Combined living, kitchen and dining areas should be no larger than 70 or 80 square metres – any bigger and things get out of control. It’s reasonably well known that houses with large living areas and circulation spaces which connect the house from one end to the other have poor thermal control, but if they have lots of exposed thermal mass inside, such as concrete floors and masonry walls, they may also have extremely poor acoustics.

The concept of open plan living comes from our love of big living areas with plenty of light, where all household activities happen in close proximity. This is in stark contrast to houses built before the 1950s, where kitchen, lounge and dining activities each had their own separate room, quite disconnected from the rest, and certainly disconnected from the outside world.

During the 1950s and 1960s, lounge and dining often came together in one larger space, with direct access to the kitchen. Then during the 1970s the kitchen was liberated from its second-class status, freed from isolation and brought joyfully into the core of the household.

This progression is unsurprising when we look at the social history of Australia – the steady unwinding of many old social mores and taboos closely paralleled this change in domestic architecture.

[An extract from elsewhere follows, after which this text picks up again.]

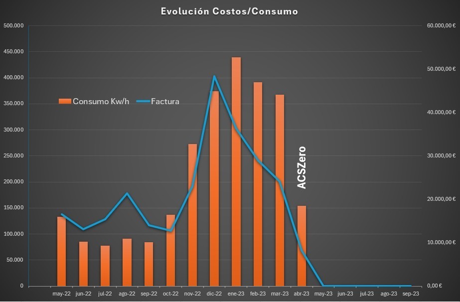 Una vez el sistema ACSZero se activa, el consumo de energía decae de forma abrupta. Pero que mejor que ver un ejemplo real con facturas reales.
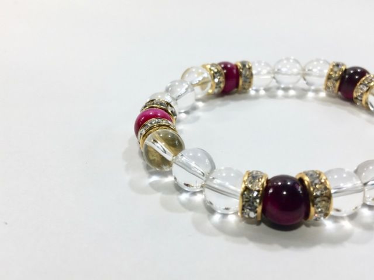 こちらは、8mm玉のピンクタイガーアイと水晶を組み合わせたパワーストーンブレスレットです。今回は五芒星デザインで石を配置しております。五芒星とは、陰陽道の基本概念となった陰陽五行説、木・火・土・金・水の5つの元素の働きの相克を表したものであり、五芒星は厄除・開運を願うデザインと重宝されているデザインです。サイズは内周約15cmです。気になる方は是非この機会にどうぞ。

Women’s gradual progression from “housewife” to “self-made woman” had a lot to do with it. Ironically, women’s emancipation from being solely responsible for kitchen responsibilities mirrored men’s increasing interest in the kitchen. All these social changes were needed and good, and adoption of open plans was generally good too. But then something happened in the late 1980s, and became gradually worse right through the 1990s

Open plan living went from being the golden child of domestic architecture to the megalomaniac that took over the whole house.

Above image: The first thing to do to improve the acoustic performance of a home is to separate the main living area from the rest of the house by inserting a solid door, recommends Dick. This door will also keep conditioned air in, so heat won’t be lost down hallways into unoccupied rooms.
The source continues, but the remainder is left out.